The problem:
The exercise calls for exact output of the lines between the one that contains "Freeze Frame Data and" and the end of the data, with both ends kept and pictures left out.

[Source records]
-=-=-=-=-
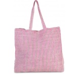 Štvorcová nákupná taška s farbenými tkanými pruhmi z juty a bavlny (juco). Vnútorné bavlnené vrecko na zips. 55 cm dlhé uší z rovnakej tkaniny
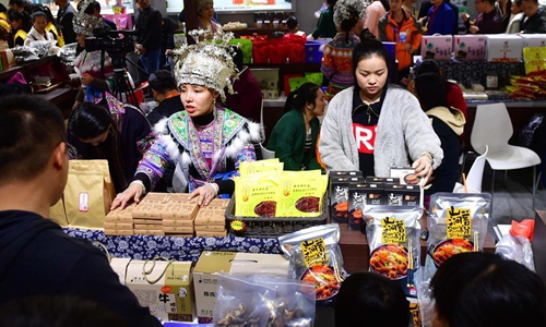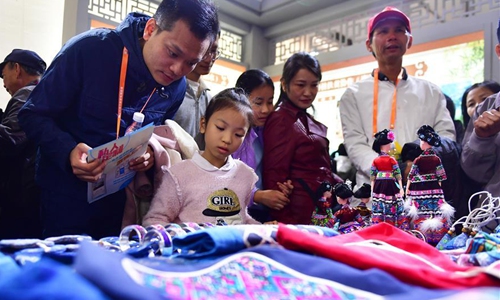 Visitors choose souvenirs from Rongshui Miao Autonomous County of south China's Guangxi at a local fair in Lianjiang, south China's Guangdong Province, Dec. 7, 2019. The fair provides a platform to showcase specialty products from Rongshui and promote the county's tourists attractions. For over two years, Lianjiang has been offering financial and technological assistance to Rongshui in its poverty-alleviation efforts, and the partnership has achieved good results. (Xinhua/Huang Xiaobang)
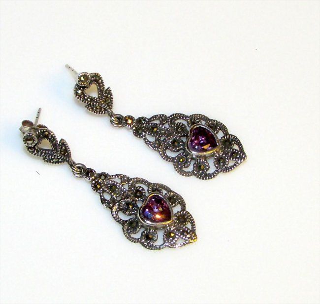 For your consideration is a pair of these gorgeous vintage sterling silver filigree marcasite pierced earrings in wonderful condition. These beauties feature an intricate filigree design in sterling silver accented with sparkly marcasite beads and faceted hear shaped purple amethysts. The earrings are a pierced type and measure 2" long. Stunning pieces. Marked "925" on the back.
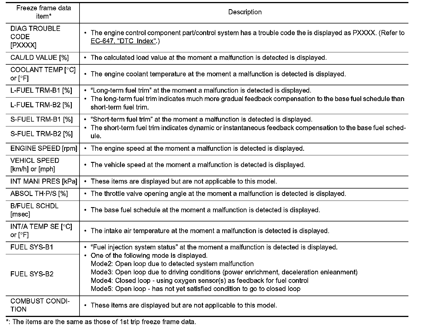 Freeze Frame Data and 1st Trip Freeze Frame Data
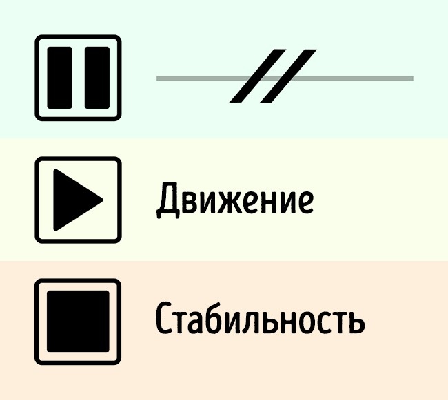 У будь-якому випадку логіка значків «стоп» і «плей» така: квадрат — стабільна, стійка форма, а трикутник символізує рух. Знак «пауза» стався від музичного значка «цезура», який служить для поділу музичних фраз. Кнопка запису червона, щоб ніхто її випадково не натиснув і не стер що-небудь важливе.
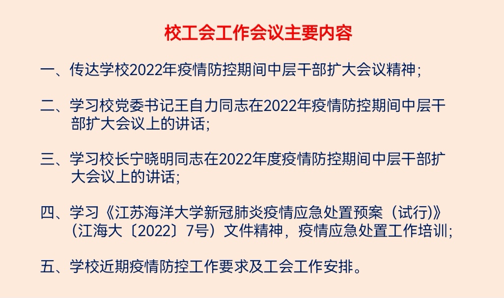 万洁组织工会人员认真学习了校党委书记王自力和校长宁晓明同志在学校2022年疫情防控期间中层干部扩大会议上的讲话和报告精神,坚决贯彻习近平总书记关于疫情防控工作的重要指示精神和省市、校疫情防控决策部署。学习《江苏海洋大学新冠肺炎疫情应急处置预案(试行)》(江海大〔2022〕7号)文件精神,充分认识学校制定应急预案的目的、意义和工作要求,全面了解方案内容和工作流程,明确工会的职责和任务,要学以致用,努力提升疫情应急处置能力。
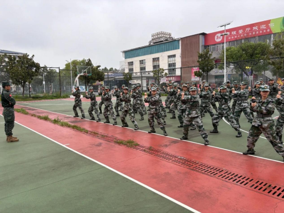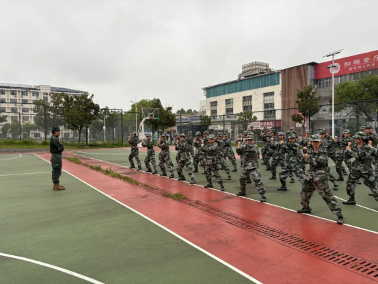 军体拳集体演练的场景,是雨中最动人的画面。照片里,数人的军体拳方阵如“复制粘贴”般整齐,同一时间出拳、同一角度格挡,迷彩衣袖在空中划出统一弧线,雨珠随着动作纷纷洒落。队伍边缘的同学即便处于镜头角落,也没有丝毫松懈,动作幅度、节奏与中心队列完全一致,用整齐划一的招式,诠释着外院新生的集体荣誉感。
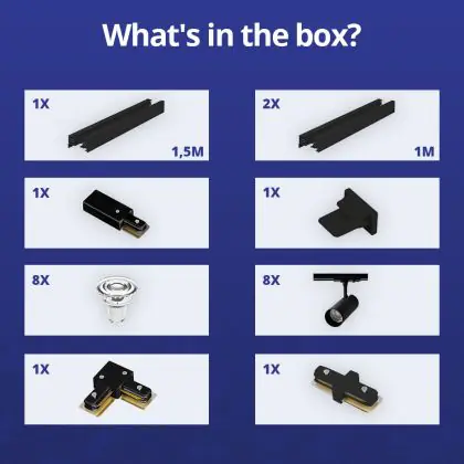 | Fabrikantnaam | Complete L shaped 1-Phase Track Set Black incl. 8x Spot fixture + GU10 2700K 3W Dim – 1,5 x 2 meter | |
-=-=-=-=-
Your solution:
 Freeze Frame Data and 1st Trip Freeze Frame Data
 У будь-якому випадку логіка значків «стоп» і «плей» така: квадрат — стабільна, стійка форма, а трикутник символізує рух. Знак «пауза» стався від музичного значка «цезура», який служить для поділу музичних фраз. Кнопка запису червона, щоб ніхто її випадково не натиснув і не стер що-небудь важливе.
 万洁组织工会人员认真学习了校党委书记王自力和校长宁晓明同志在学校2022年疫情防控期间中层干部扩大会议上的讲话和报告精神,坚决贯彻习近平总书记关于疫情防控工作的重要指示精神和省市、校疫情防控决策部署。学习《江苏海洋大学新冠肺炎疫情应急处置预案(试行)》(江海大〔2022〕7号)文件精神,充分认识学校制定应急预案的目的、意义和工作要求,全面了解方案内容和工作流程,明确工会的职责和任务,要学以致用,努力提升疫情应急处置能力。
 军体拳集体演练的场景,是雨中最动人的画面。照片里,数人的军体拳方阵如“复制粘贴”般整齐,同一时间出拳、同一角度格挡,迷彩衣袖在空中划出统一弧线,雨珠随着动作纷纷洒落。队伍边缘的同学即便处于镜头角落,也没有丝毫松懈,动作幅度、节奏与中心队列完全一致,用整齐划一的招式,诠释着外院新生的集体荣誉感。
 | Fabrikantnaam | Complete L shaped 1-Phase Track Set Black incl. 8x Spot fixture + GU10 2700K 3W Dim – 1,5 x 2 meter | |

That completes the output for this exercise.